Leaving pictures aside, set down each line exactly, from the first line of the data to the line with "hossza 2,0 m", both included.

--- START ---

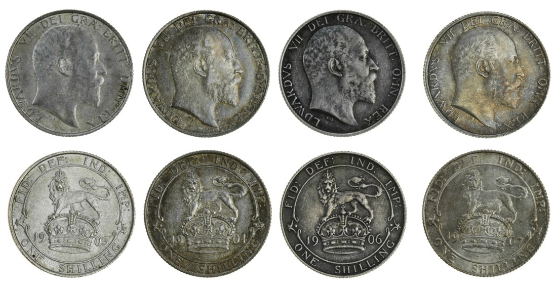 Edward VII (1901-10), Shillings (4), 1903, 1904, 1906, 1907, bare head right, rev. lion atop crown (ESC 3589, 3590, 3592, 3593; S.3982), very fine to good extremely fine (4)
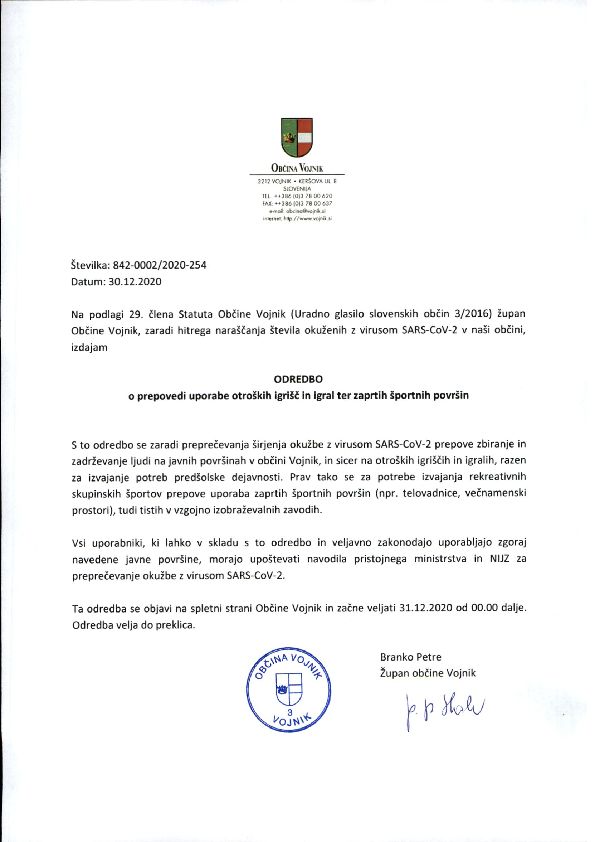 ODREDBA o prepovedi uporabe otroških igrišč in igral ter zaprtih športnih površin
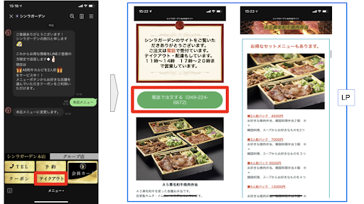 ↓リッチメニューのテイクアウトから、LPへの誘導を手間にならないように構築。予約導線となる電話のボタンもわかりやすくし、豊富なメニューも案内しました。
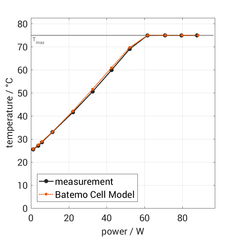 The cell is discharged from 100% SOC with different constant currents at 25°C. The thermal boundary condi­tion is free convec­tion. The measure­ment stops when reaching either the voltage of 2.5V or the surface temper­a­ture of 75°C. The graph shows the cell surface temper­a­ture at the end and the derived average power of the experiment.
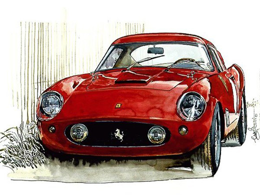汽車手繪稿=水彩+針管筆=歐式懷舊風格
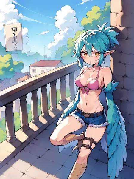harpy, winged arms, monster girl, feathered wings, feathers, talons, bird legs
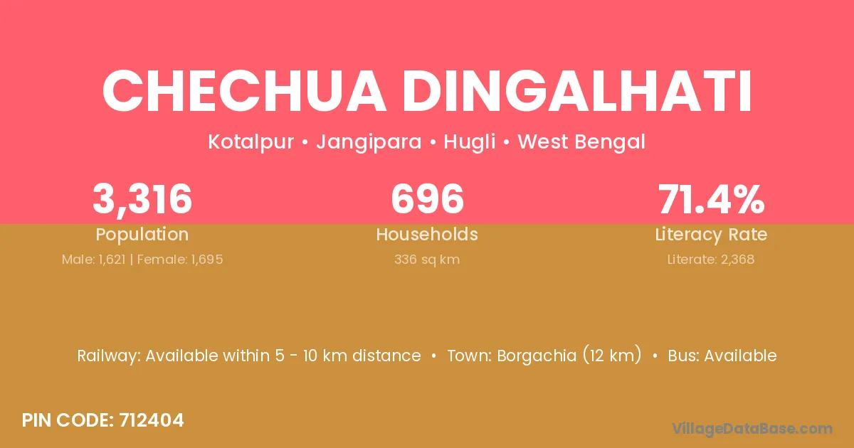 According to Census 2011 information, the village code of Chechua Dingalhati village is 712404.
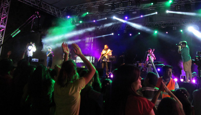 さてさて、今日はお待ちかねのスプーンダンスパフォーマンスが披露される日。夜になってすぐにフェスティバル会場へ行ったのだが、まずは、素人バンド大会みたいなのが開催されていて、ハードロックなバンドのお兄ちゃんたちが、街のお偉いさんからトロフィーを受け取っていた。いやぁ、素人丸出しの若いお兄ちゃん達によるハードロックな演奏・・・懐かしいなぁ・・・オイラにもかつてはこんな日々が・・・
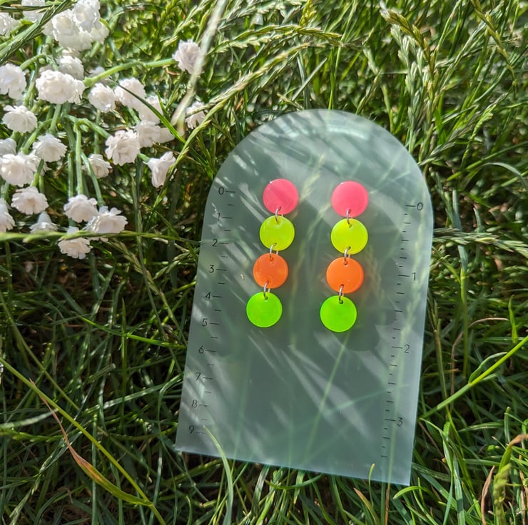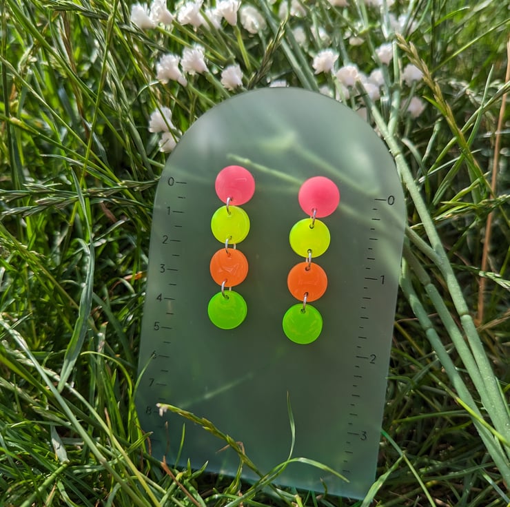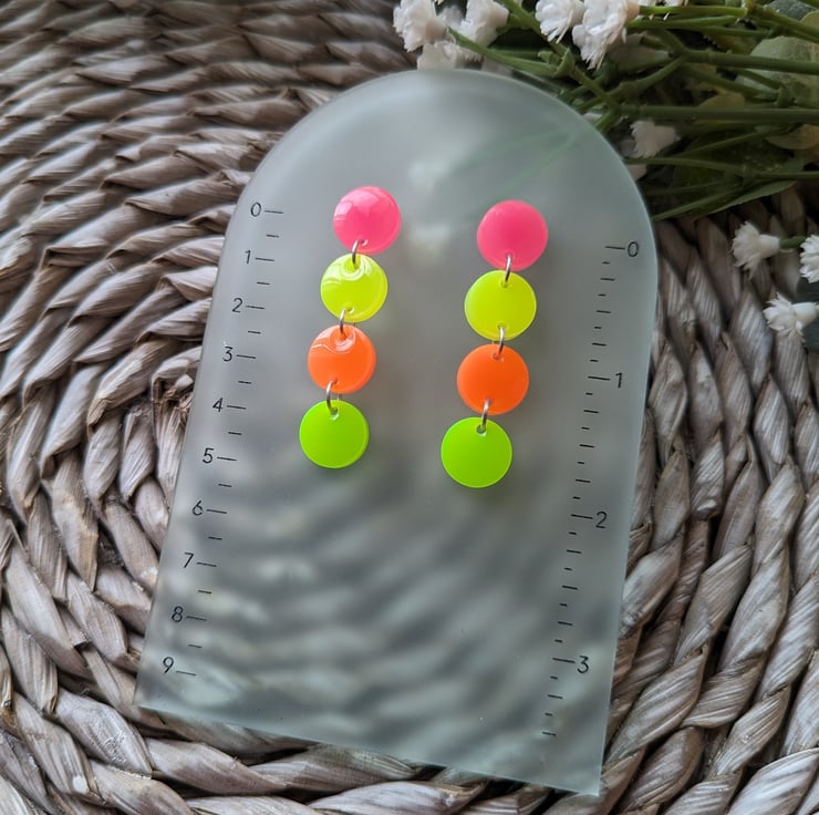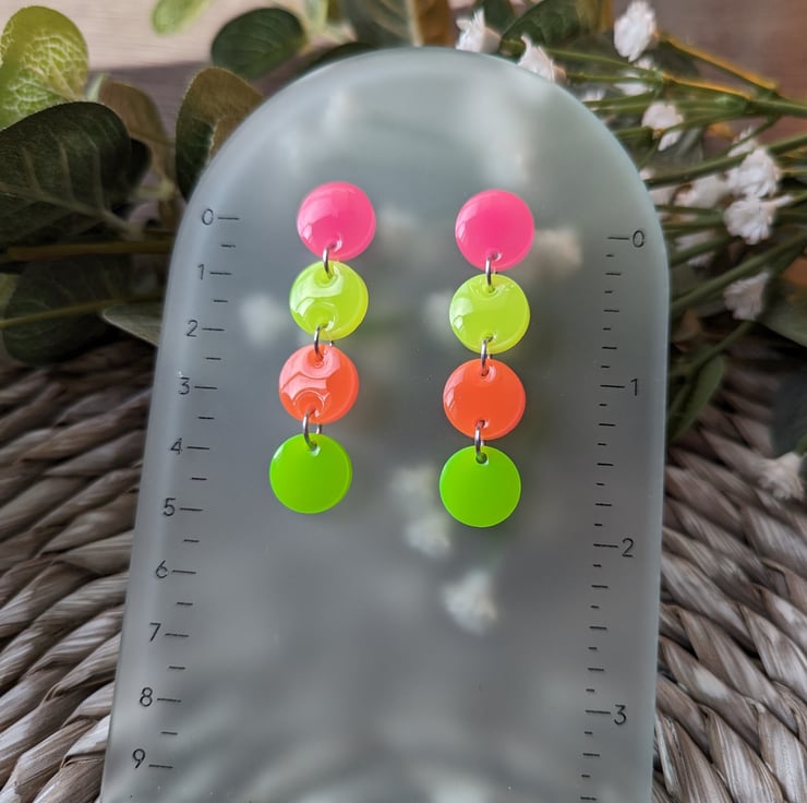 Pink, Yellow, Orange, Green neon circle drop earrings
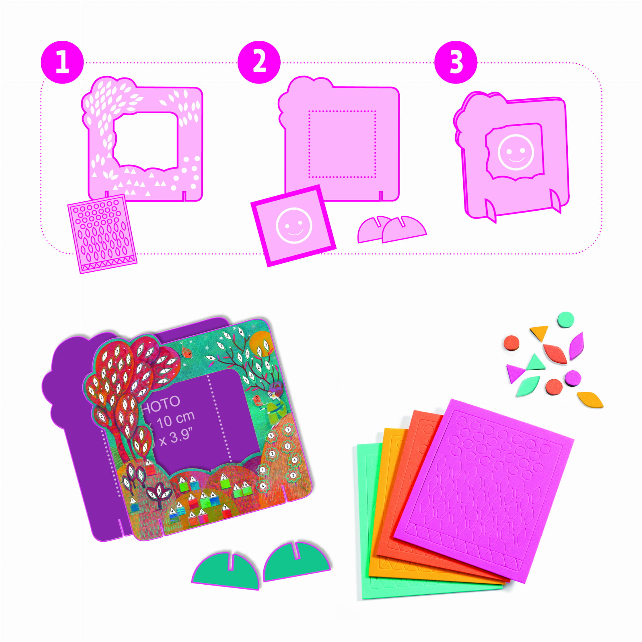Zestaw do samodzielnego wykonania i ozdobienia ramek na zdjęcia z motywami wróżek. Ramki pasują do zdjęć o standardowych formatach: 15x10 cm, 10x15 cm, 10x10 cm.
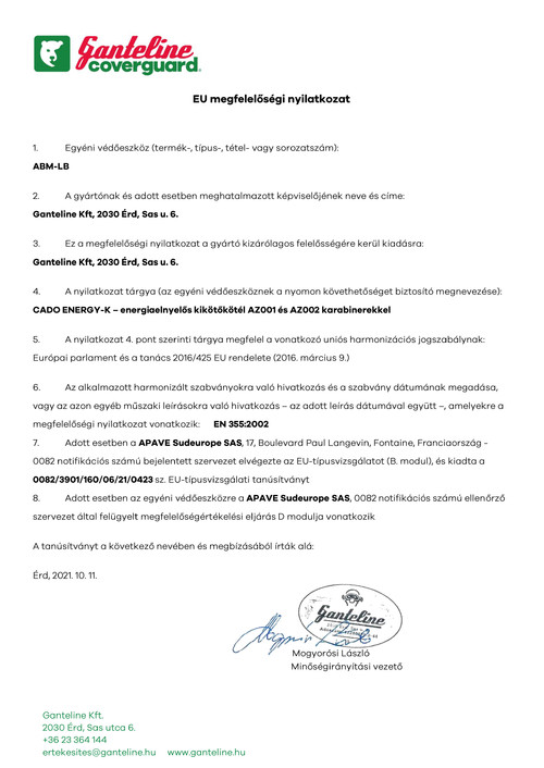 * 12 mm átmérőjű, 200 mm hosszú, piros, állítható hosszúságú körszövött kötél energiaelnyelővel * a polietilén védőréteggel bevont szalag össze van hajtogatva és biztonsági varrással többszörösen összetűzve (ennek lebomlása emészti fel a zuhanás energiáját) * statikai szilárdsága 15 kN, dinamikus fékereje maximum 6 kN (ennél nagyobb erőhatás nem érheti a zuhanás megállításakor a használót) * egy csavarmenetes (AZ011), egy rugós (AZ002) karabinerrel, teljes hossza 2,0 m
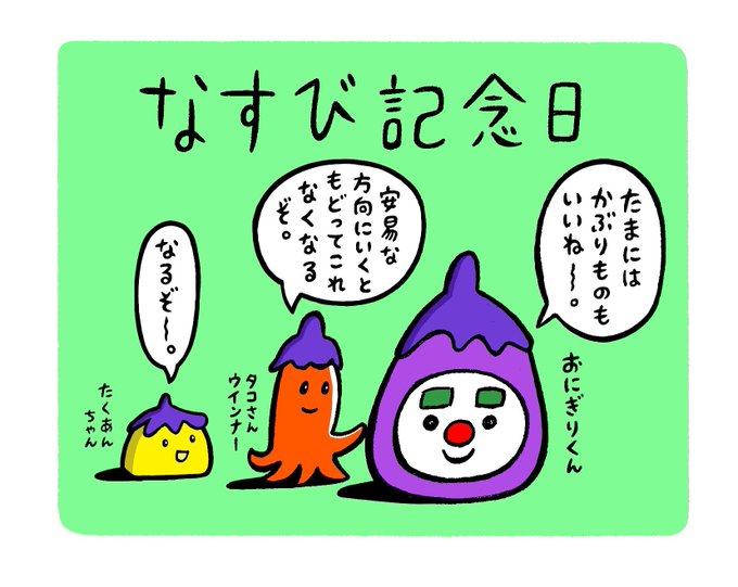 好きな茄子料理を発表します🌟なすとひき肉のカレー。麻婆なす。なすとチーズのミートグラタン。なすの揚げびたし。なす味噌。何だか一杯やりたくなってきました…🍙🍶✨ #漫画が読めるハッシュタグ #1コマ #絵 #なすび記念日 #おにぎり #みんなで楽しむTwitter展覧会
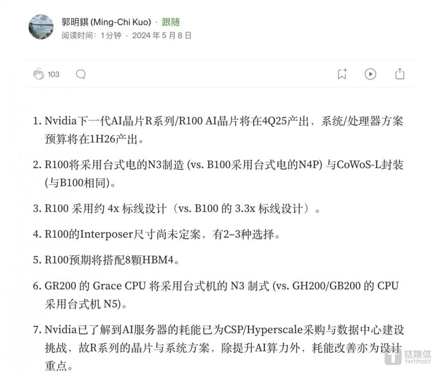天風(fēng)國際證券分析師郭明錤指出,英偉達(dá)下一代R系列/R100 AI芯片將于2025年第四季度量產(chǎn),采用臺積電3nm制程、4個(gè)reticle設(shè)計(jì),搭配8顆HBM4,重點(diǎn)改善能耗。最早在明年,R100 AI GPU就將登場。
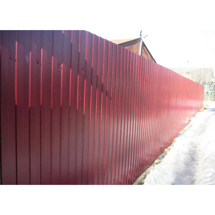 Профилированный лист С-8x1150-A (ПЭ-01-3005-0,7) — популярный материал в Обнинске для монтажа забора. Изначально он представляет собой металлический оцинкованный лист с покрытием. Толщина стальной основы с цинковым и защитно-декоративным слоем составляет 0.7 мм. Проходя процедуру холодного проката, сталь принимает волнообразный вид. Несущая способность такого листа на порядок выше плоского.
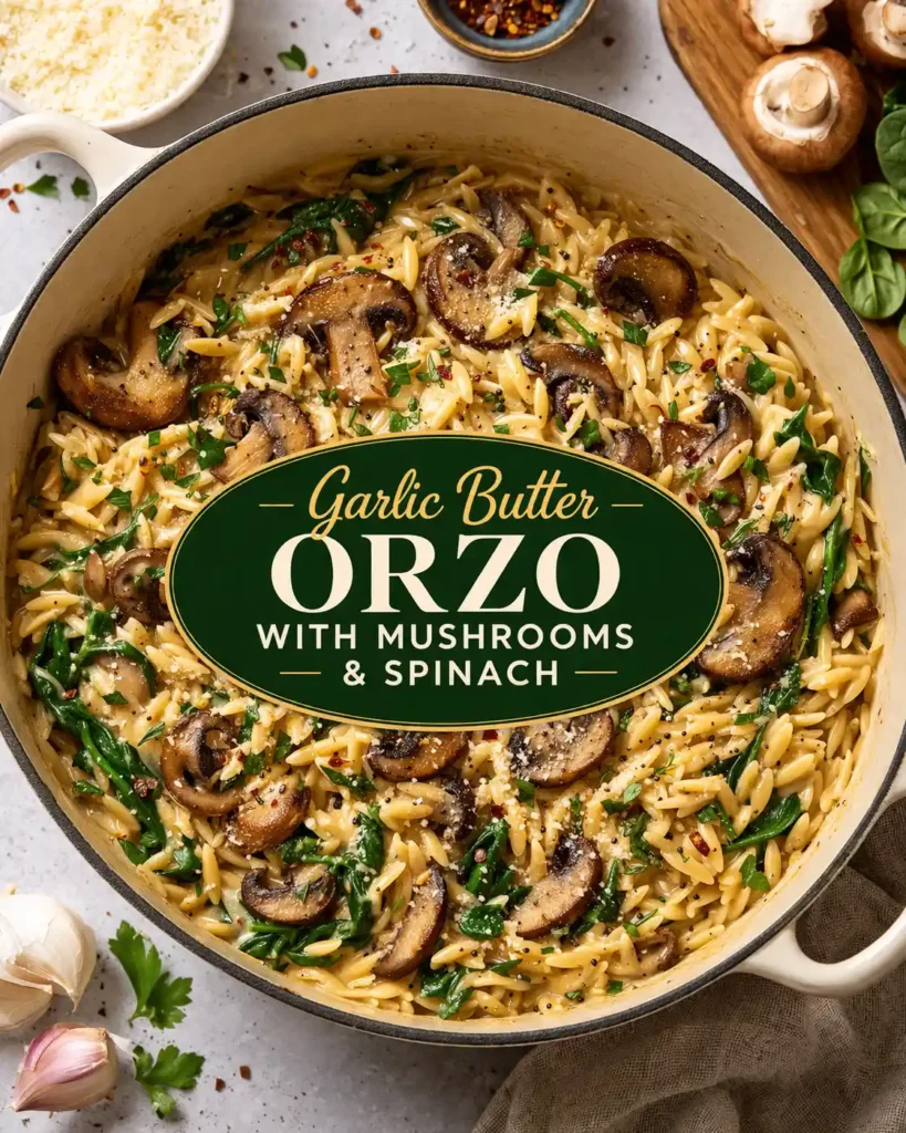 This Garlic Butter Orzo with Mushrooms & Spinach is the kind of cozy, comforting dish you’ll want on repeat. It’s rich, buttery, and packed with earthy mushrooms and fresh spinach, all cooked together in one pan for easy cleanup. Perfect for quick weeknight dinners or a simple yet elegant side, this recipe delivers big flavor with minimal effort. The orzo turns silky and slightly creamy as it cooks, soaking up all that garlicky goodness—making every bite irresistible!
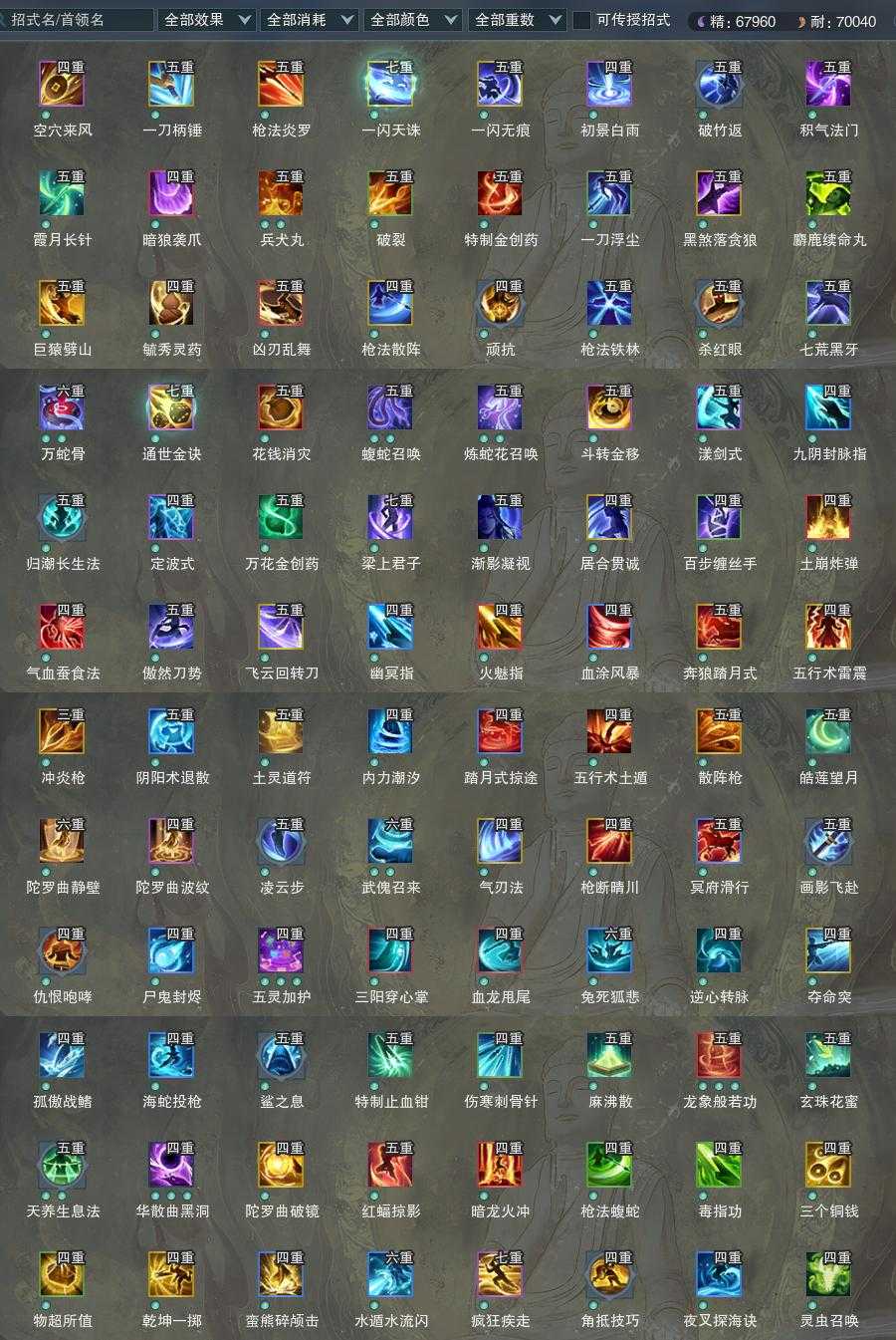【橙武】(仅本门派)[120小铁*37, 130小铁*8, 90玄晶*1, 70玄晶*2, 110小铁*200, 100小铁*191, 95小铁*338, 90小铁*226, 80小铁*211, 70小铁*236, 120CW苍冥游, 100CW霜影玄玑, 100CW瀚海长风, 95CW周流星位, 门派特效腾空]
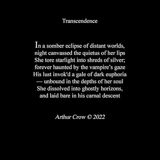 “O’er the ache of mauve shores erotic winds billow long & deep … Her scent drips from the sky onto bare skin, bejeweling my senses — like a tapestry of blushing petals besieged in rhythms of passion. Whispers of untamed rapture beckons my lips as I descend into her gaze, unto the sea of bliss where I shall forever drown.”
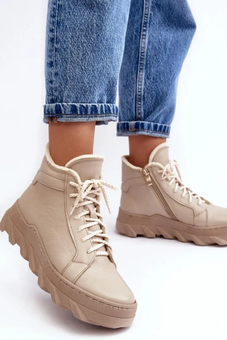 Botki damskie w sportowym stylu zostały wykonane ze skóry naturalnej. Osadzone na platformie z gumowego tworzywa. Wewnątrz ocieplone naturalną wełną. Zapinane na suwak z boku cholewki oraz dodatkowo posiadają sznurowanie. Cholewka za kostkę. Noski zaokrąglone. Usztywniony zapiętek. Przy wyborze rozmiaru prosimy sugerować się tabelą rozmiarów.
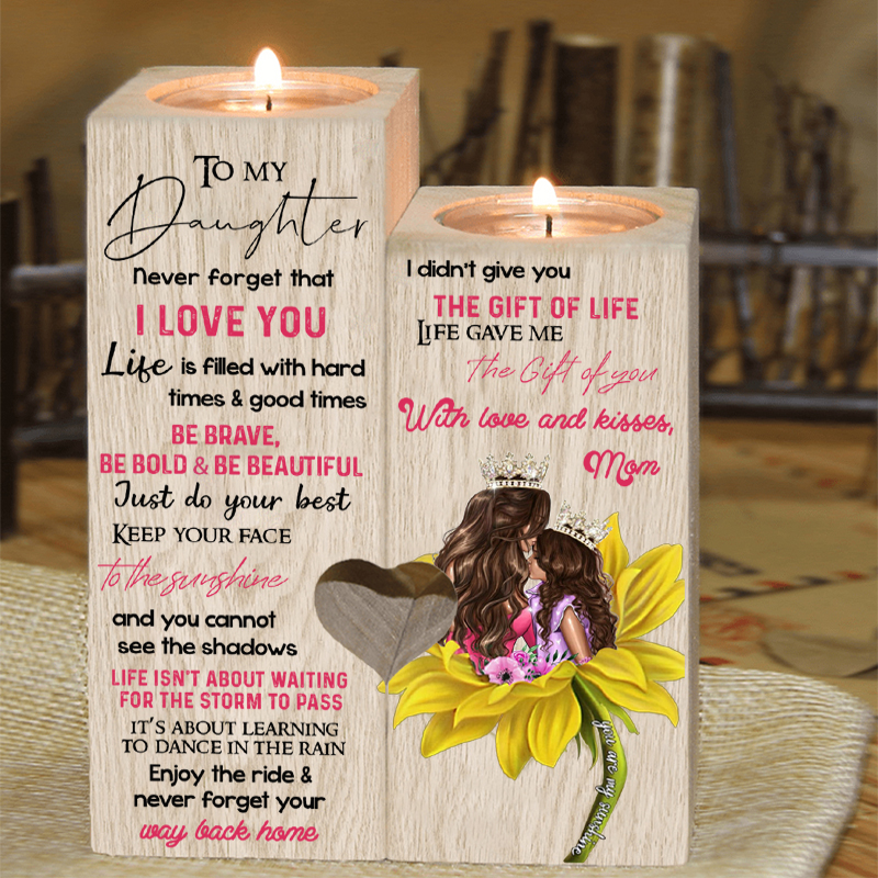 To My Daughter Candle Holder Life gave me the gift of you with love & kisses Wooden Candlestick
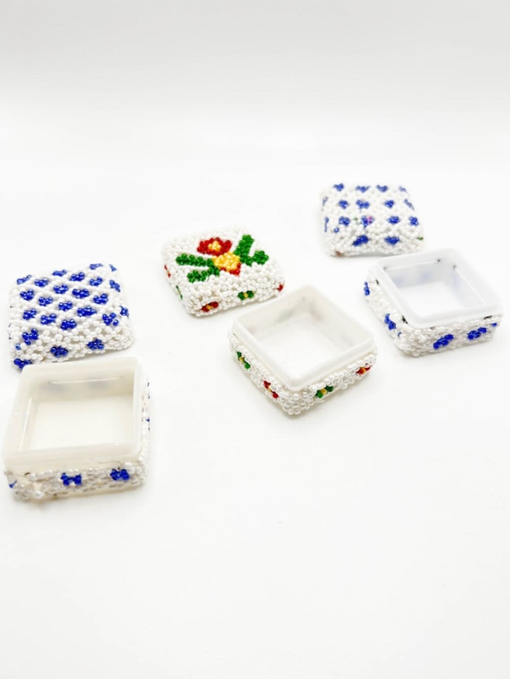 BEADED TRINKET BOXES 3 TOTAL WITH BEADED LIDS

--- END ---

Answer section
 Edward VII (1901-10), Shillings (4), 1903, 1904, 1906, 1907, bare head right, rev. lion atop crown (ESC 3589, 3590, 3592, 3593; S.3982), very fine to good extremely fine (4)
 ODREDBA o prepovedi uporabe otroških igrišč in igral ter zaprtih športnih površin
 ↓リッチメニューのテイクアウトから、LPへの誘導を手間にならないように構築。予約導線となる電話のボタンもわかりやすくし、豊富なメニューも案内しました。
 The cell is discharged from 100% SOC with different constant currents at 25°C. The thermal boundary condi­tion is free convec­tion. The measure­ment stops when reaching either the voltage of 2.5V or the surface temper­a­ture of 75°C. The graph shows the cell surface temper­a­ture at the end and the derived average power of the experiment.
汽車手繪稿=水彩+針管筆=歐式懷舊風格
harpy, winged arms, monster girl, feathered wings, feathers, talons, bird legs
 According to Census 2011 information, the village code of Chechua Dingalhati village is 712404.
 さてさて、今日はお待ちかねのスプーンダンスパフォーマンスが披露される日。夜になってすぐにフェスティバル会場へ行ったのだが、まずは、素人バンド大会みたいなのが開催されていて、ハードロックなバンドのお兄ちゃんたちが、街のお偉いさんからトロフィーを受け取っていた。いやぁ、素人丸出しの若いお兄ちゃん達によるハードロックな演奏・・・懐かしいなぁ・・・オイラにもかつてはこんな日々が・・・
 Pink, Yellow, Orange, Green neon circle drop earrings
Zestaw do samodzielnego wykonania i ozdobienia ramek na zdjęcia z motywami wróżek. Ramki pasują do zdjęć o standardowych formatach: 15x10 cm, 10x15 cm, 10x10 cm.
 * 12 mm átmérőjű, 200 mm hosszú, piros, állítható hosszúságú körszövött kötél energiaelnyelővel * a polietilén védőréteggel bevont szalag össze van hajtogatva és biztonsági varrással többszörösen összetűzve (ennek lebomlása emészti fel a zuhanás energiáját) * statikai szilárdsága 15 kN, dinamikus fékereje maximum 6 kN (ennél nagyobb erőhatás nem érheti a zuhanás megállításakor a használót) * egy csavarmenetes (AZ011), egy rugós (AZ002) karabinerrel, teljes hossza 2,0 m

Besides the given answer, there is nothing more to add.